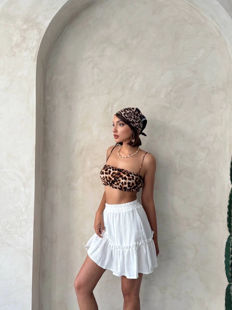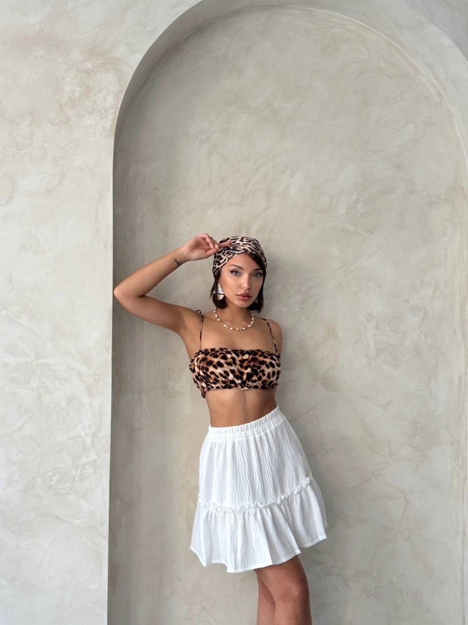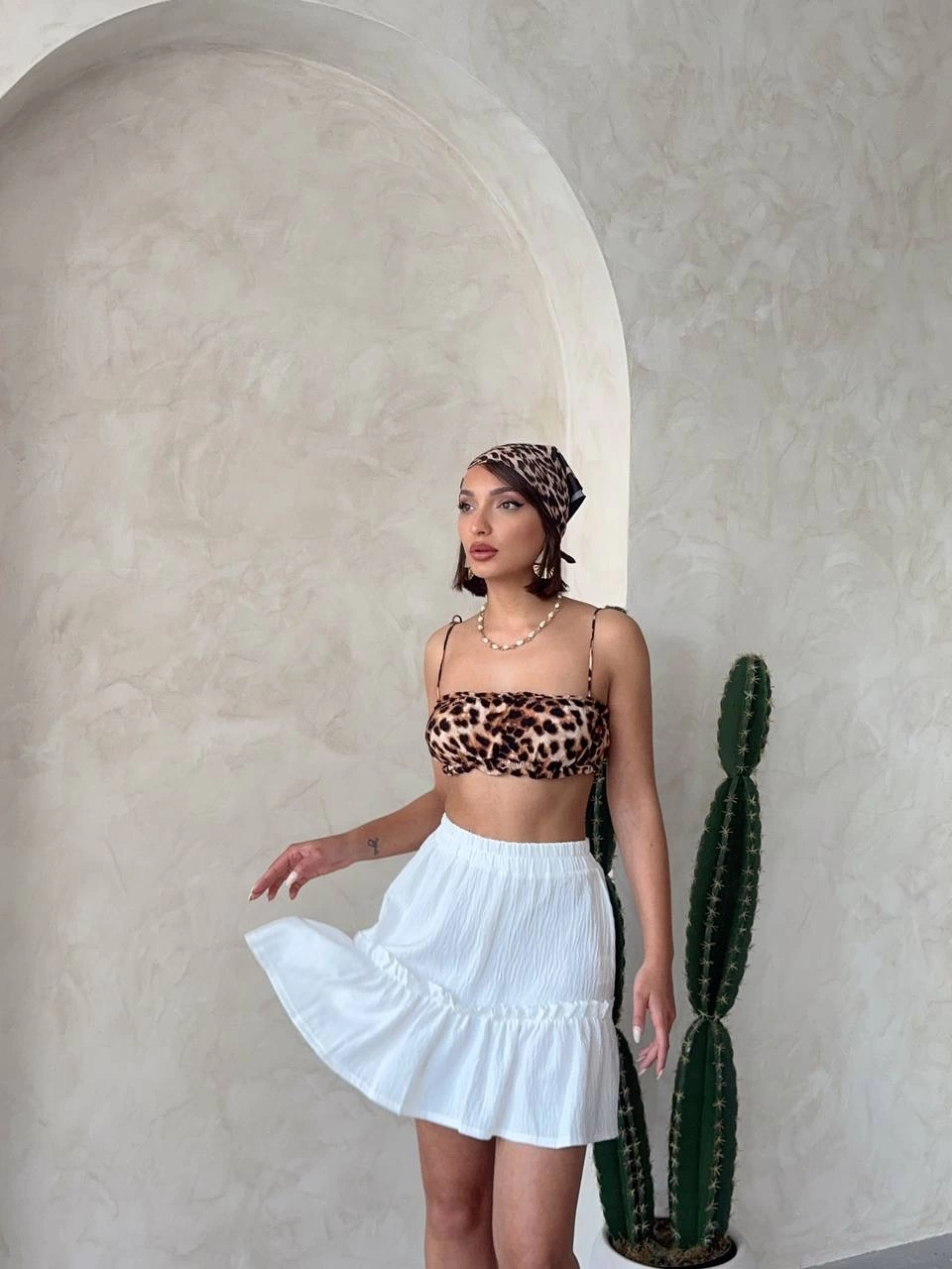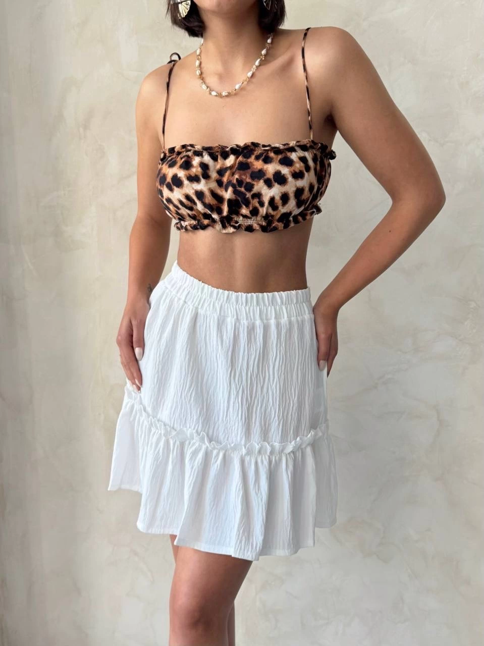 Çingene keten etek beyaz s24808
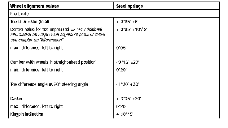 See requirements for suspension alignment. ->44 Additional information on suspension alignment (control value) - see section on Information'
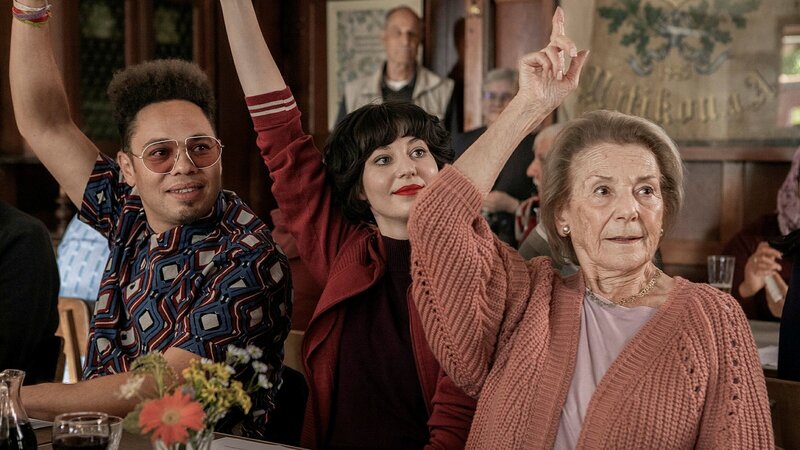Paolo Cesar (Marc Sway), Nelly (Steffi Friis) und Rose-Marie (Heidi Diggelmann)Bild: © ZDF und SRF/Miriam Künzli
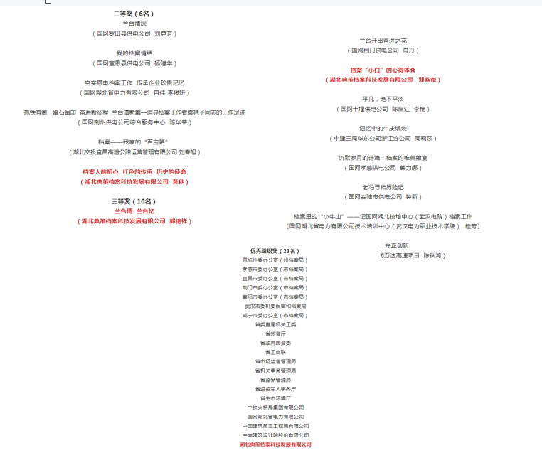 8月16日,湖北省档案局、湖北省档案馆印发了《关于全省“奋进新征程·兰台谱新篇”主题征文活动获奖情况的通报》,湖北典策档案科技发展有限公司荣获优秀组织奖,湖北典策员工荣获企业类二等奖、三等奖、优秀奖各一名。
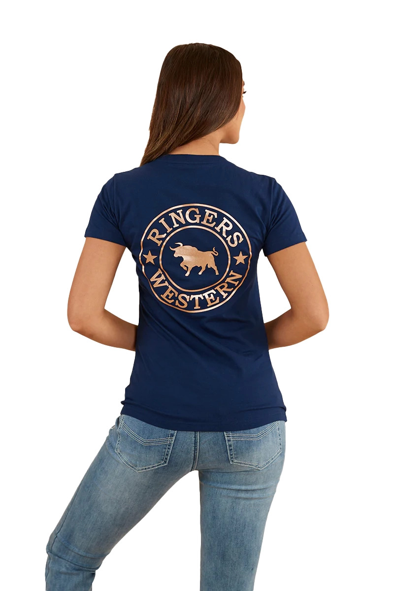 Ringers Western Womens Signature Bull Classic Fit S/S Tee (220016RW) Navy/Gold 10 [SD]
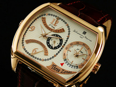 本モデルは、通常の文字盤とは別に、第三時間帯まで表示可能なスペシャルウォッチ。
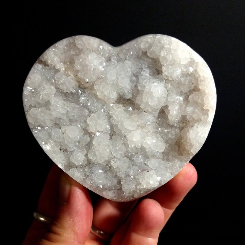 Volcano Agate Heart, with quartz. 2.65 inches wide. This is a one-of-a-kind item - you will receive the actual item in photo. Once sold, it is gone.
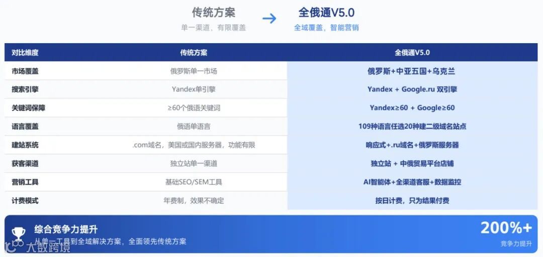 全俄通19年专注于为中国B2B企业出海提供搜索引擎营销一站式整合解决方案,以领先的搜索算法、人工智能、大数据、数字营销和社交营销技术已为5000+外贸企业提供了外贸独立站建设、Yandex出海营销服务、国外社交网络推广、AI大数据获客等服务。
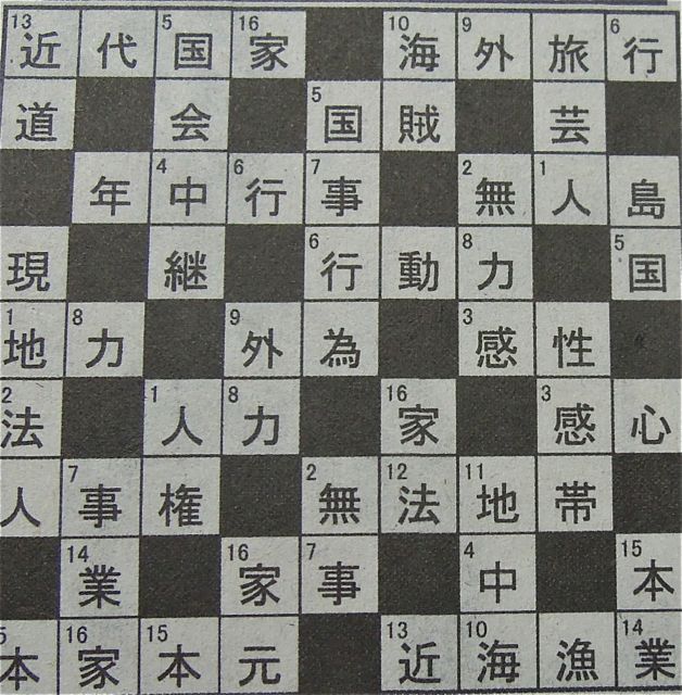 漢クロは問題ないんですよ〜。マス目にある小さな数字に対して、ひとつの数字には全て同じ漢字を入れて単語、熟語が成り立てばOK。
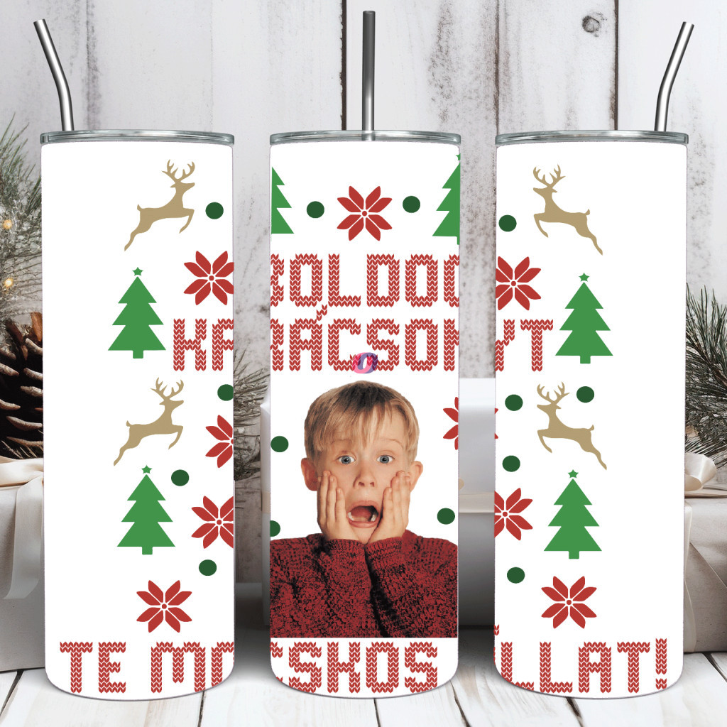 Prémium Karácsonyi termosz 600ml "Reszkessetek betörők csúnya pulcsi mintás"
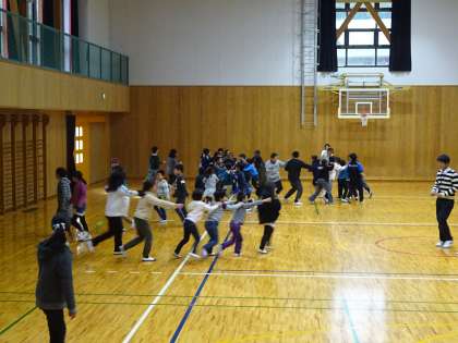 昼休みに全校遊びが行われました。本部委員会が中心となって,猛獣狩りとムカデのしっぽとりゲームをしました。遊びの中にも,低学年に対してやさしい言葉かけをしたり,順番をゆずったりする中・高学年の姿が見られました。1年生から6年生まで,みんな笑顔でにぎやかに楽しむことができました。
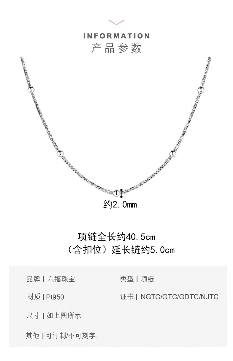 Lukfook Jewelry Platinum 950 Ball Chopard Chain Platinum Necklace Plain Chain Gift Price F63TBPN0010 2.90g (including labor cost 310 yuan)

----------

### Work to be completed
The material above holds pictures; copy everything else in it exactly.

### The answer
 Çingene keten etek beyaz s24808
 See requirements for suspension alignment. ->44 Additional information on suspension alignment (control value) - see section on Information'
Paolo Cesar (Marc Sway), Nelly (Steffi Friis) und Rose-Marie (Heidi Diggelmann)Bild: © ZDF und SRF/Miriam Künzli
 8月16日,湖北省档案局、湖北省档案馆印发了《关于全省“奋进新征程·兰台谱新篇”主题征文活动获奖情况的通报》,湖北典策档案科技发展有限公司荣获优秀组织奖,湖北典策员工荣获企业类二等奖、三等奖、优秀奖各一名。
 Ringers Western Womens Signature Bull Classic Fit S/S Tee (220016RW) Navy/Gold 10 [SD]
 本モデルは、通常の文字盤とは別に、第三時間帯まで表示可能なスペシャルウォッチ。
 Volcano Agate Heart, with quartz. 2.65 inches wide. This is a one-of-a-kind item - you will receive the actual item in photo. Once sold, it is gone.
 全俄通19年专注于为中国B2B企业出海提供搜索引擎营销一站式整合解决方案,以领先的搜索算法、人工智能、大数据、数字营销和社交营销技术已为5000+外贸企业提供了外贸独立站建设、Yandex出海营销服务、国外社交网络推广、AI大数据获客等服务。
 漢クロは問題ないんですよ〜。マス目にある小さな数字に対して、ひとつの数字には全て同じ漢字を入れて単語、熟語が成り立てばOK。
 Prémium Karácsonyi termosz 600ml "Reszkessetek betörők csúnya pulcsi mintás"
 昼休みに全校遊びが行われました。本部委員会が中心となって,猛獣狩りとムカデのしっぽとりゲームをしました。遊びの中にも,低学年に対してやさしい言葉かけをしたり,順番をゆずったりする中・高学年の姿が見られました。1年生から6年生まで,みんな笑顔でにぎやかに楽しむことができました。
 Lukfook Jewelry Platinum 950 Ball Chopard Chain Platinum Necklace Plain Chain Gift Price F63TBPN0010 2.90g (including labor cost 310 yuan)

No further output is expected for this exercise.